Это послужило сигналом для остальных, все они расколотили свои стаканы о голову старика. Арманьяк и кровь текли по его лицу. И все это время Эшериху казалось, будто сквозь ручьи крови и спиртного Квангель неотрывно смотрит на него, он словно бы даже слышал его голос: «Вот, стало быть, правое дело, ради которого ты убиваешь! Вот твои палаческие прихвостни! Вот вы какие. Ты отлично знаешь, что делаешь. Я умру за преступления, каких никогда не совершал, а ты будешь жить – вот твое правое дело!»

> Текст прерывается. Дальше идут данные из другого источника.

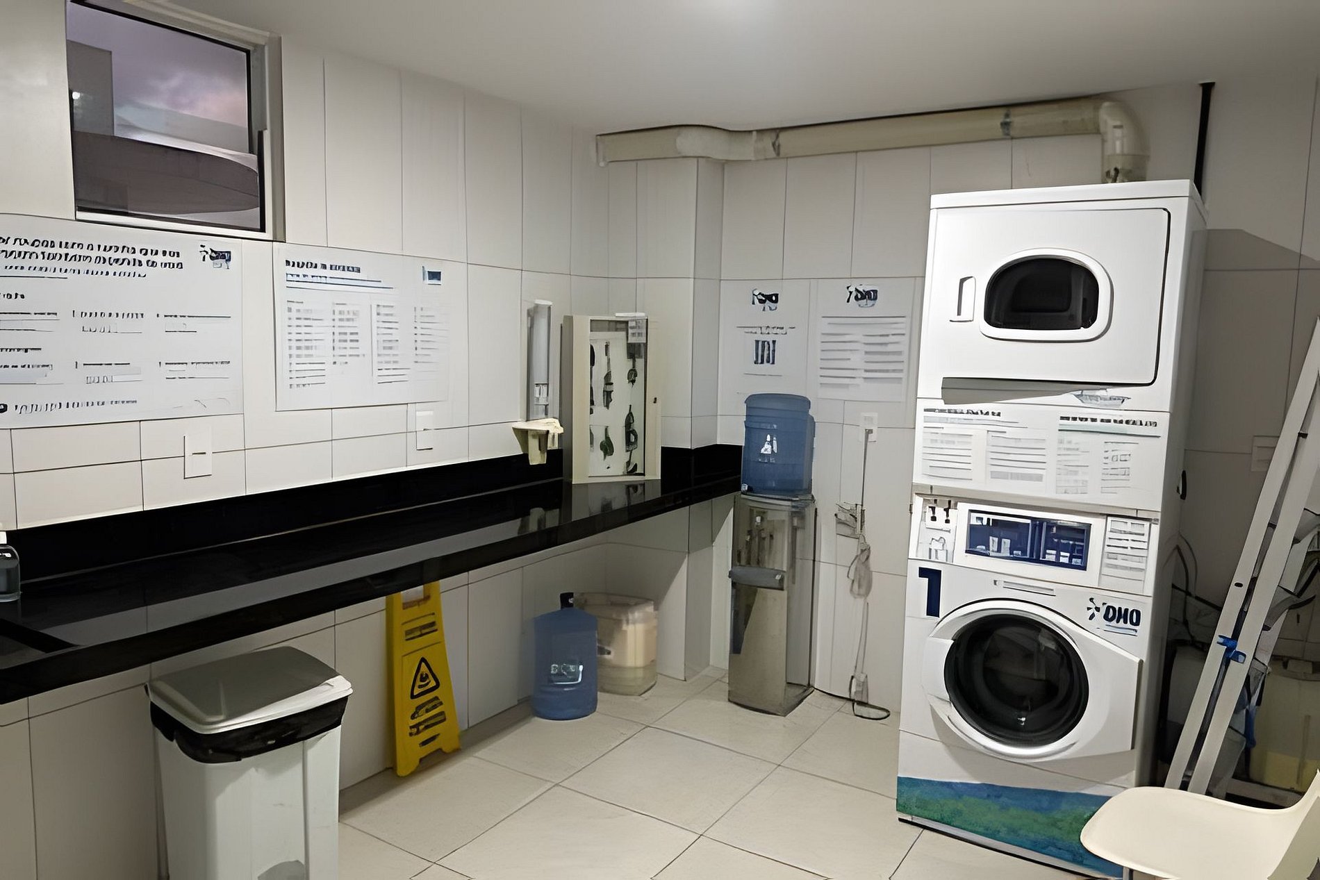 PRÉDIO: possui portaria 24h, circuito de câmeras, 2 elevadores, garagem rotativa fechada e coberta, estacionamento aberto externo e lavanderia da franquia OMO.

Потом они обнаружили, что стакан Эшериха еще целехонек. И приказали разбить и его о голову Квангеля. Да, Праллю пришлось дважды резко повторить приказ – «Ты же знаешь, Эшерих, что я с тобой сделаю, если ты ослушаешься?», – и в конце концов Эшерих разбил свой стакан о голову Квангеля. Рука дрожала, пришлось ударить четыре раза, только тогда стакан разбился, и все это время он чувствовал на себе колючий, насмешливый взгляд Квангеля, который молча терпел унижение. Смехотворная фигура в кургузой рубахе, он был сильнее, достойнее всех своих мучителей. И при каждом ударе, который комиссар Эшерих наносил с отчаянием и страхом, ему казалось, будто он бьет по основам собственного существа, будто топором подрубает корни своей жизни.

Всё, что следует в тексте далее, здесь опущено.